What you return should match the data word for word, minus the images.

◆ Supplied material
══════════════════════════════

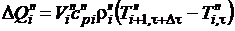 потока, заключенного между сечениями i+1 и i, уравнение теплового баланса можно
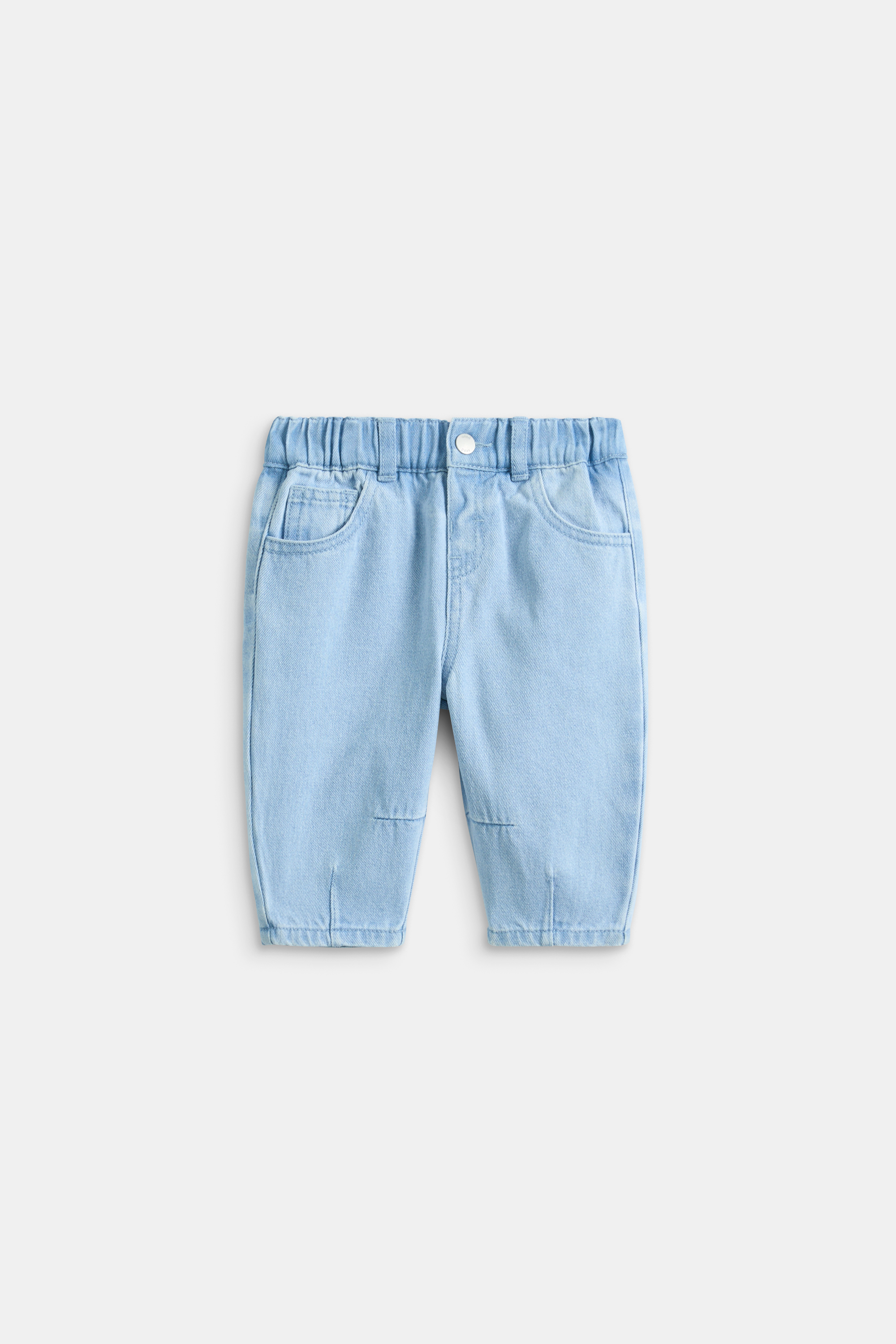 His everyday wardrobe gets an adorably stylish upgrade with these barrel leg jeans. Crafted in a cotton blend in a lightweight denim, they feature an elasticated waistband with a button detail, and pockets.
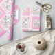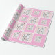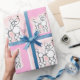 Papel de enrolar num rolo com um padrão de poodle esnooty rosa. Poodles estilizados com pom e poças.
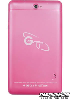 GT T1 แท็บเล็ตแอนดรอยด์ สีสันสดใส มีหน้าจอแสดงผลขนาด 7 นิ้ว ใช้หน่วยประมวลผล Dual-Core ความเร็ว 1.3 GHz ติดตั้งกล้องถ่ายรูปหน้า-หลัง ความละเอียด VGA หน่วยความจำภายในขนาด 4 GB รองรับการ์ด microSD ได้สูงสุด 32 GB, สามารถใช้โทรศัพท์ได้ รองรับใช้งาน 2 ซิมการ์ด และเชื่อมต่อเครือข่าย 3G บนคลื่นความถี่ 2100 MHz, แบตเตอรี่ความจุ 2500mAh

══════════════════════════════

◆ Result for this exercise
 потока, заключенного между сечениями i+1 и i, уравнение теплового баланса можно
 His everyday wardrobe gets an adorably stylish upgrade with these barrel leg jeans. Crafted in a cotton blend in a lightweight denim, they feature an elasticated waistband with a button detail, and pockets.
 Papel de enrolar num rolo com um padrão de poodle esnooty rosa. Poodles estilizados com pom e poças.
 GT T1 แท็บเล็ตแอนดรอยด์ สีสันสดใส มีหน้าจอแสดงผลขนาด 7 นิ้ว ใช้หน่วยประมวลผล Dual-Core ความเร็ว 1.3 GHz ติดตั้งกล้องถ่ายรูปหน้า-หลัง ความละเอียด VGA หน่วยความจำภายในขนาด 4 GB รองรับการ์ด microSD ได้สูงสุด 32 GB, สามารถใช้โทรศัพท์ได้ รองรับใช้งาน 2 ซิมการ์ด และเชื่อมต่อเครือข่าย 3G บนคลื่นความถี่ 2100 MHz, แบตเตอรี่ความจุ 2500mAh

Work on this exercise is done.